As his dream of writing began to take form, Irving was surprised by a proposal for his progress from his brisk New England mother. “I came from an outdoorsy kind of family,” he says.

“In New Hampshire, everybody was a skier. My mother was an expert. Truth be told, I wasn’t really crazy about skiing. I never really liked sports. I hated Little League baseball. I was small. Football, basketball, hockey were not for somebody small. It was a coincidence that my parents were close friends with the wrestling coach at school. And one day, my mother took me to a wrestling match. She said: ‘This is what you should do. It’s a weight-class sport. You wrestle somebody who is your size, your weight. You are small. People pick on you. You get in a lot of fights. Wouldn’t you like to win one?’ And I thought, ‘Really?’”

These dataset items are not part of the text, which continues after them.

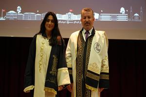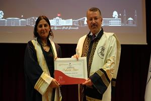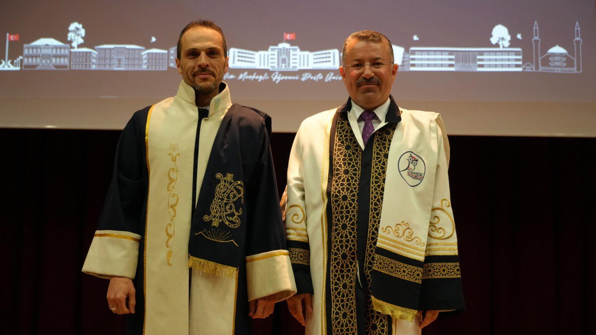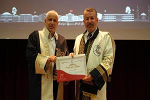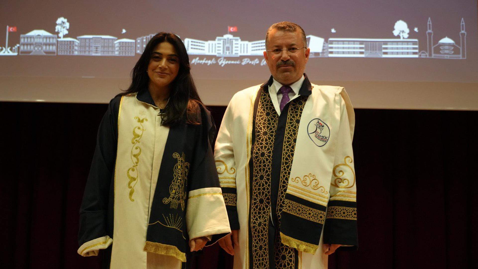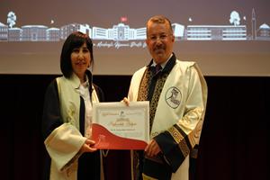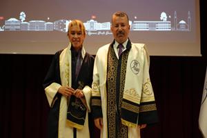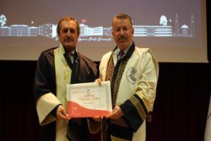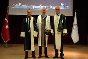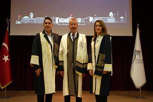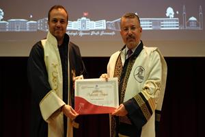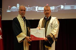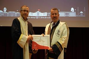 Konuşmanın ardından unvan alan 24 profesör, 20 doçent, 40 doktor öğretim üyesi cübbelerini giyerek belgelerini aldı.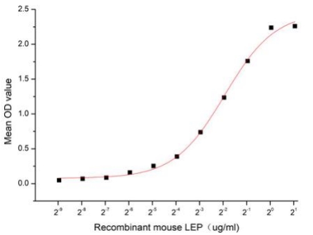 Leptin is a hormone made by adipose cells that helps to regulate energy balance by inhibiting hunger. Many of leptin's effects are mediated through neuropeptide-containing neurons and neuropeptide receptors in the hypothalamus. Although regulation of fat stores is deemed to be the primary function of leptin, it also plays a role in other physiological processes, as evidenced by its multiple sites of synthesis other than fat cells, and the multiple cell types beside hypothalamic cells that have leptin receptors. A functional binding ELISA assay was conducted to detect the interaction of recombinant mouse LEP and recombinant human LEPR. Briefly, LEP were diluted serially in PBS, with 0.01% BSA (pH 7.4). Duplicate samples of 100 ul were then transferred to LEPR-coated microtiter wells and incubated for 2h at 37°C. Wells were washed with PBST and incubated for 1h with anti-LEP pAb, then aspirated and washed 3 times. After incubation with HRP labelled secondary antibody, wells were aspirated and washed 3 times. With the addition of substrate solution, wells were incubated 15-25 minutes at 37°C. Finally, add 50 µL stop solution to the wells and read at 450 nm immediately. The binding activity of of LEP and LEPR was shown, the EC50 for this effect is 0.26 ug/mL. |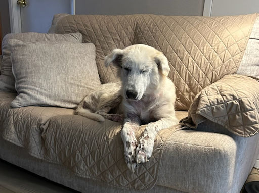 Willow has excellent house manners and sleeps peacefully through the night. She is still on her journey to full recovery—her coat continues to grow back, and she’s gaining the weight she so desperately needed—but the transformation has already been incredible. She looks so much healthier and happier than the fragile, emaciated girl who first came into our care.
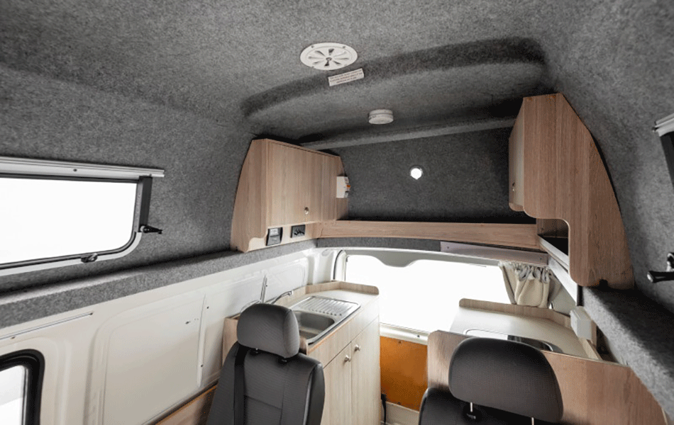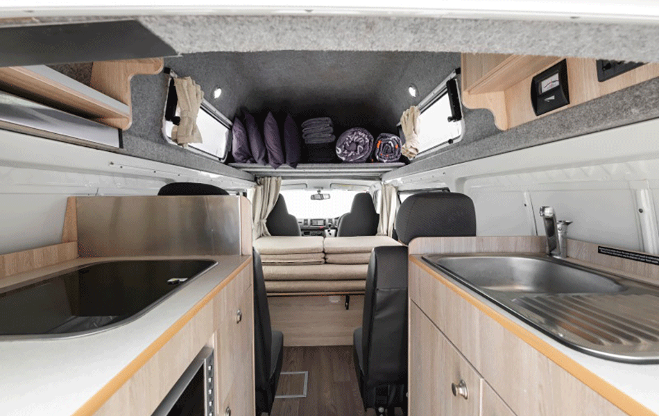 Bettdecke, Kopfkissen, Bettwäsche, Küchen- und Handtücher, Geschirr und Kochutensilien: Teller, Schüssel, Gabeln, Messer, Löffel, Flaschen- und Büchsenöffner, Sieb, Bratpfannen, Töpfe, Schneidebrett, Toaster, Wasserkocher

Wrestling coach Ted Seabrooke declared young Irving’s athleticism “halfway decent” but added that “talent isn’t everything.” Winning the intense bouts on the mats of America’s popular Collegiate Wrestling demands discipline, strategy, and determination. Irving took the challenge. Having grown to a muscular five-foot-eight, he graduated as captain of his school’s wrestling team. He went on to wrestle competitively until age 34—including at the universities of Pittsburgh and New Hampshire.

He coached wrestling until he was 47. Wrestling appears often in his novels. In 1992, for honouring the sport, Irving was inducted into the National Wrestling Hall of Fame in Stillwater, Okla.

His First Reader

Irving’s determination also honed his writer’s craft. He broadened his experience overseas in 1963 with a year’s study in Vienna, Austria. He created short stories, and a few of them were published. In 1965, he was admitted to the prestigious Iowa Writer’s Workshop at the University of Iowa. His Master of Fine Arts thesis became his first novel, Setting Free the Bears, in 1968. And at university, he found an inspiring friend.

“I had the good luck of having Kurt Vonnegut as my teacher and mentor and the first reader of my first novel,” he says. “It was a historical novel, set in Vienna at the time of the [Nazi] occupation. It was a good novel to be showing Vonnegut, a former POW in Dresden. We were kind of well matched. At the time, he was writing Slaughterhouse Five. The reaction to his comic novel about the firebombing of Dresden was, as you might imagine, mixed. It was educative to me to see how Kurt handled that.”  Slaughterhouse Five became an American classic.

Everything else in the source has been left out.